Kaşlarını çatarak bana baktı. "Hayır Jungkook, bu sevmekten çok daha beter. Sen onun kölesi olmuşsun. Söylesene en son ne zaman istediğin kıyafeti giydin?" dedi elini uzatıp deri ceketimin yakasından çekiştirerek. "Tahmin edeyim, üç ay önce."

Elini ittirdim. "Senin böyle şeyler için kafanı yormana gerek yok."

"Jungkook. Çocukluktan beri arkadaşız ve seni kendimden bile iyi tanıyorum. Emin olduğum şey ise şu an kendin gibi davranmadığın.
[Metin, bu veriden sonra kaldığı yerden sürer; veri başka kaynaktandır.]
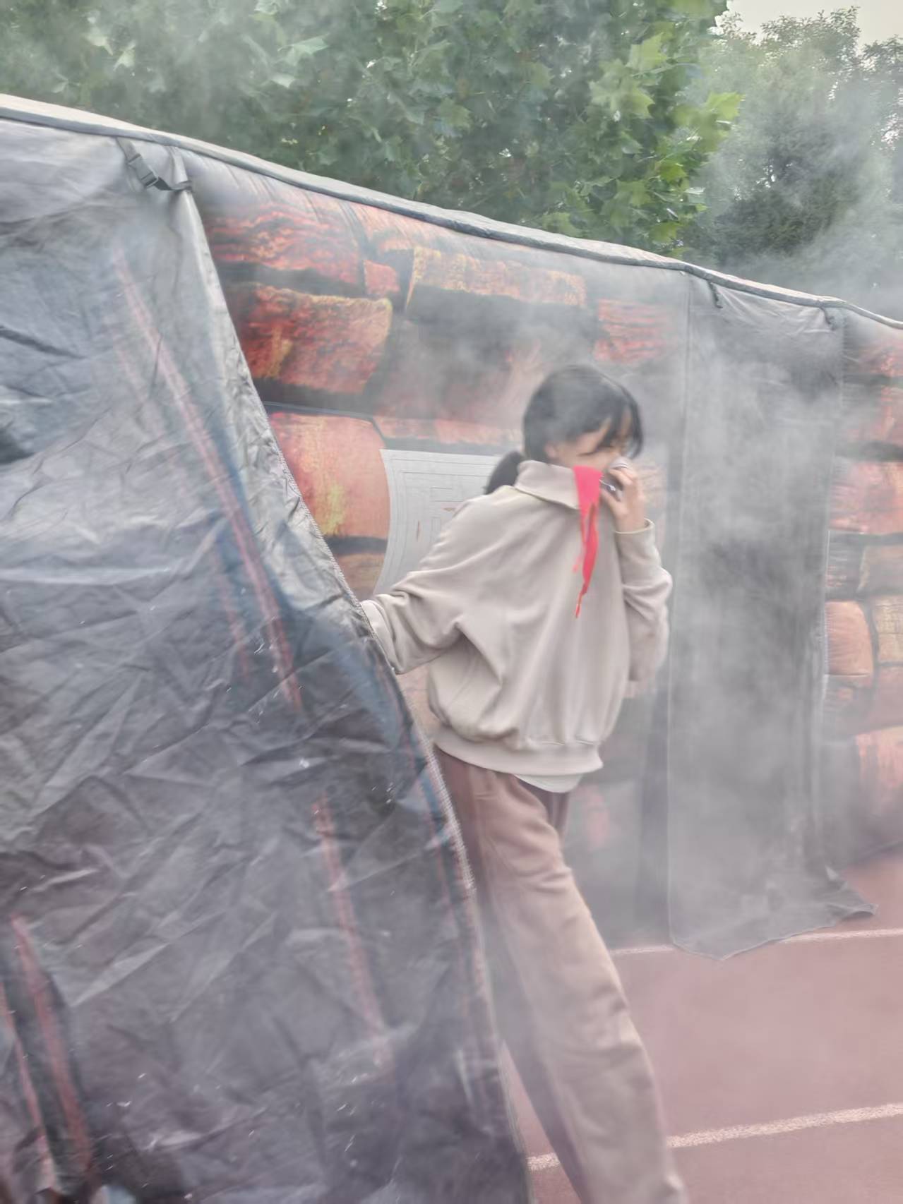 消防烟雾逃生:同学们走进移动式火灾逃生训练设备,在烟雾发生器营造的逼真环境中,学习逃生知识、体验逃生流程,掌握了火场求生的关键技巧。

O kız seni kendi istediği şekle sokuyor ve sen sadece onu 'sevdiğin' gerekçesiyle buna boyun eğiyorsun."

"Öyle değil," dedim kaşlarımı çatarak. "Herkes beni dışlarken, o beni kabullendi."

"Hah, bahanen bu mu yani?" dedi histerik bir gülüşle. "Jungkook, cidden hala aklın kesmiyor mu? İnek öğrenci olduğun için herkes tarafından dışlanılan seni yanına almasıyla tüm okulda gözleri üzerine çekti. Başta gerçekten senden hoşlanmış olabilir, fakat sonra herkesin gözü sizin üzerinizde olunca kızın resmen nevri döndü.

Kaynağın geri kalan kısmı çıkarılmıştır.